Sarah Jones e Italo Leali

Sarah Jones e Italo Leali


Protagonisti Sarah Jane Olog, voce potente e dal timbro inconfondibile, tra soul, gospel, jazz e blues, e Luca Casagrande, chitarrista raffinato che ha collaborato con numerosi grandi artisti. Un duo capace di intrecciare voce e chitarra in un dialogo vivace e affiatato.

Ronciglione - Tuscia in jazz for Sla Winter - La chiesa di san Sebastiano durante il concerto

Ronciglione – Tuscia in jazz for Sla Winter – La chiesa di San Sebastiano durante il concerto


Il momento più emozionante è arrivato con Make You Feel My Love di Bob Dylan. Durante l’interpretazione, Sarah Jane si è avvicinata a Italo, cantandogli la dedica guardandolo negli occhi. Un gesto semplice e potentissimo, che ha trasformato la canzone in un abbraccio.

“Italo c’è sempre stato per me – ha detto l’artista -. E vederlo oggi, vedere quello che fa, mi dà una grande forza”. Un momento di emozione generale ha coinvolto i presenti.

Sarah Jones e Luca Casagrande

Sarah Jones e Luca Casagrande


In sala anche Sabrina Di Giulio, da Monterosi, anche lei colpita dalla Sla e impegnata nella sua battaglia attraverso l’associazione Luca Coscioni. Presenti inoltre i rappresentanti del comune di Ronciglione, con in testa il sindaco Mengoni, che ha voluto testimoniare il sostegno della città al progetto.

Italo, come sempre, era lì. Con la sua presenza coraggiosa e con le sue parole affidate al comunicatore vocale.

All’inizio della serata, Italo ha condiviso una riflessione con i presenti: “La Sla ti porta via tutto, un pezzo alla volta. Eppure, incredibilmente, ti porta in dono anche qualcosa. Ti insegna ad ascoltare. Quando non puoi più parlare e non puoi alzare la voce per imporre le tue verità assolute, inizi ad accorgerti degli altri. Le tue certezze crollano, e al loro posto si apre una visione più ampia, più inclusiva, più umana”.

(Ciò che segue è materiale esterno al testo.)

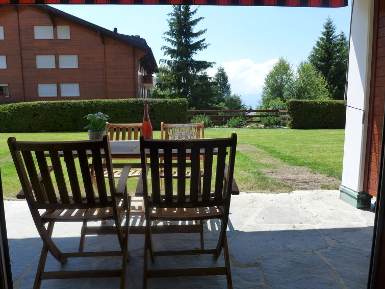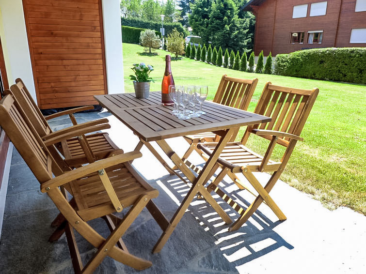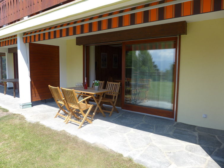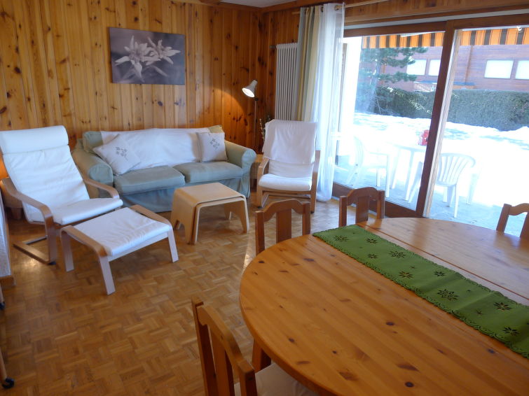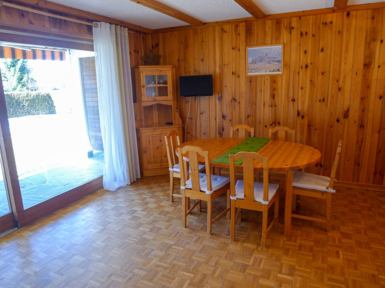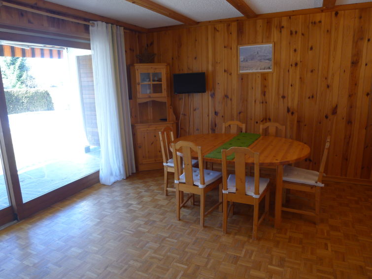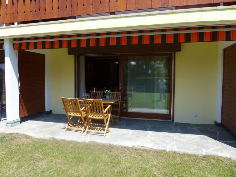 "Hyacinthe 2", 3-Zimmer-Wohnung 80 m2, im Erdgeschoss, Südlage. Zweckmässig und schön eingerichtet: Wohn-/Esszimmer mit Kabel-TV. Ausgang zum Garten, zur Terrasse. 1 Zimmer, ohne Schrank mit 1 Doppelbett (160 cm, Länge 200 cm). 1 Zimmer mit 2 x 2 Etagenbetten (80 cm, Länge 190 cm). Kleine Küche (Backofen, Geschirrspüler, 4 Glaskeramikplatten, Toaster, Wasserkocher, Mikrowelle, Tiefkühler, elektrische Kaffeemaschine, Kapseln für die Kaffeemaschine (Martello) extra, Racletteofen, Fondue Set (Käse)) mit Durchreiche. Bad/Bidet/WC, Dusche/WC. Parkettboden, Teppichboden. Terrasse. Terrassenmöbel. Schöne Sicht. Zur Verfügung: Bügeleisen, Haartrockner. Internet (Wireless LAN, gratis). Garage Nr. 18.

Ronciglione - Tuscia in jazz for Sla Winter - La chiesa di san Sebastiano durante il concerto

Ronciglione – Tuscia in jazz for Sla Winter – La chiesa di san Sebastiano durante il concerto


Poi, il messaggio civile, netto e necessario: “Ora sta a voi. Con un gesto di generosità potete rendere la vita ancora più meravigliosa. Le malattie rare come la Sla non ricevono investimenti adeguati: non sono considerate remunerative dalle industrie farmaceutiche, e i governi del mondo sono impegnati in una folle corsa al riarmo. Come ricorda Aisla, non è che una cura non esista: è che non è stata ancora trovata. E servono i contributi di tutti”.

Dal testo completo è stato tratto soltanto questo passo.